Pada 20-22 Agustus 2007, kami pun mengikuti Pelatihan FD. Mulailah saya berusaha memahami dan mempelajari apa tugas dan tanggung jawab sebagai FD atau KPMD. Pembahasan teknis pembuatan Peta Sosial Desa, pendataan rumah tangga miskin (RTM) pun kami ikuti dengan serius dan penuh rasa tanggung jawab sebagai perwakilan Desa Air Nyatoh. Pada hari ketiga, para peserta diajak untuk  melaksanakan praktik lapangan. Sampailah akhirnya, pada pengujung acara pelatihan Failitator Desa, ada agenda pemilihan seorang Pendamping Lokal (PL).

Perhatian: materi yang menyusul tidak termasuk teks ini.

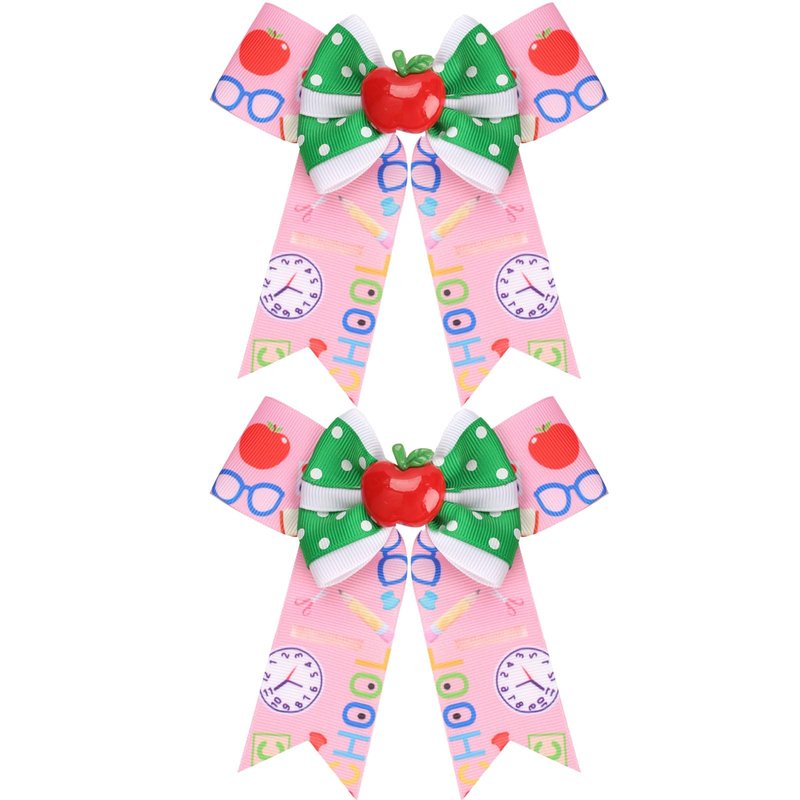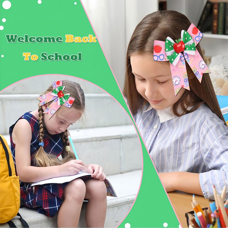 - 3D Ceramic Design: Each school bows clip features 3D ceramic patterns of a pencil, apple, blackboard, and book, adding a vivid and dimensional touch that perfectly captures the back-to-school spirit.

Tanpa diduga ternyata nama saya banyak disebut dan dipilih 22 FD yang mewakili 11 desa di Kecamatan Simpang Tritip saat itu. Akhirnya, forum memutuskan saya untuk mengisi posisi sebagai PL Kecamatan Simpang Tritip.  Supaya posisi dan peran saya lebih kuat dan diakui Forum Musyawarah Antar Desa Prioritas Usulan (MAD) II Kecamatan Simpang Tritip menetapkan saya sebagai PL Kecamatan Simpang Tritip terhitung  6 oktober 2007.

Usai MAD II yang merupakan forum pengambil keputusan tertinggi dalam PNPM MPd. tingkat kecamatan, saya mulai melaksanakan tugas sebagai PL dan aktif berkeliling mendatangi desa–desa mendampingi Fasilitator Kecamatan (FK). Sedikit demi sedikit, saya pelajari bagaimana tata dan cara berbicara di depan masyarakat dan forum. Apalagi yang  saya temui dan hadapi para pejabat di desa dan kecamatan. Jujur sebelum menjadi Pendamping Lokal, belum pernah saya lakukan sebelumnya berdialog dan berbicara di hadapan orang banyak dalam forum resmi dan pertemuan-pertemuan yang dijadwalkan FK dan Unit Pengelola Kegiatan (lembaga pengelola kegiatan PNPM MPd. di tingkat kecamatan). Hari demi hari tak terasa terlewati. Hati saya pun mulai ditumbuhi rasa menyukai program ini. Karena memberikan sesuatu yang berbeda. Prinsip transparan dan akuntabel benar–benar menyatu dalam hati dan pikiran saya, karena selama ini yang saya tahu hanya orang tertentu saja yang dapat mengakses dan ikut serta terlibat dalam suatu program pemberdayaan masyarakat.


Pagi Pendamping Lokal, Malam Nelayan Bagan

Kini melalui program nasional pemberdayaan masyarakat nasional tersebut, semua warga dapat berpartisipasi aktif, utamanya para perempuan dan orang miskin yang sebelum ada program ini  selalu terpinggirkan. Setiap harapan dan perkataan mereka selalu terabaikan. Kini perlahan-lahan  mulai terdengar aspirasi kaum perempuan dan orang miskin ditampung dan direalisasikan dalam pembahasan, perencanaan, pelaksanaan, pengawasan dan pelestarian kegiatan. Inilah alasan-alasan   saya untuk terus berupaya sekuat mungkin untuk menjadi bagian dan pelaku yang menyukseskan program. Jujur harus saya akui, seringkali saya mendapat protes yang keras dari istri,  karena insentif yang saya terima hanya sebesar Rp.500.000 per bulan. Pendapatan segitu jauh dari cukup Pak kata istri saya suatu ketika. Bahkan, jika dihitung biaya untuk bolak balik ke kecamatan (kantor UPK dan kantor kecamatan) dan berkeliling desa bisa dibilang pas-pasan.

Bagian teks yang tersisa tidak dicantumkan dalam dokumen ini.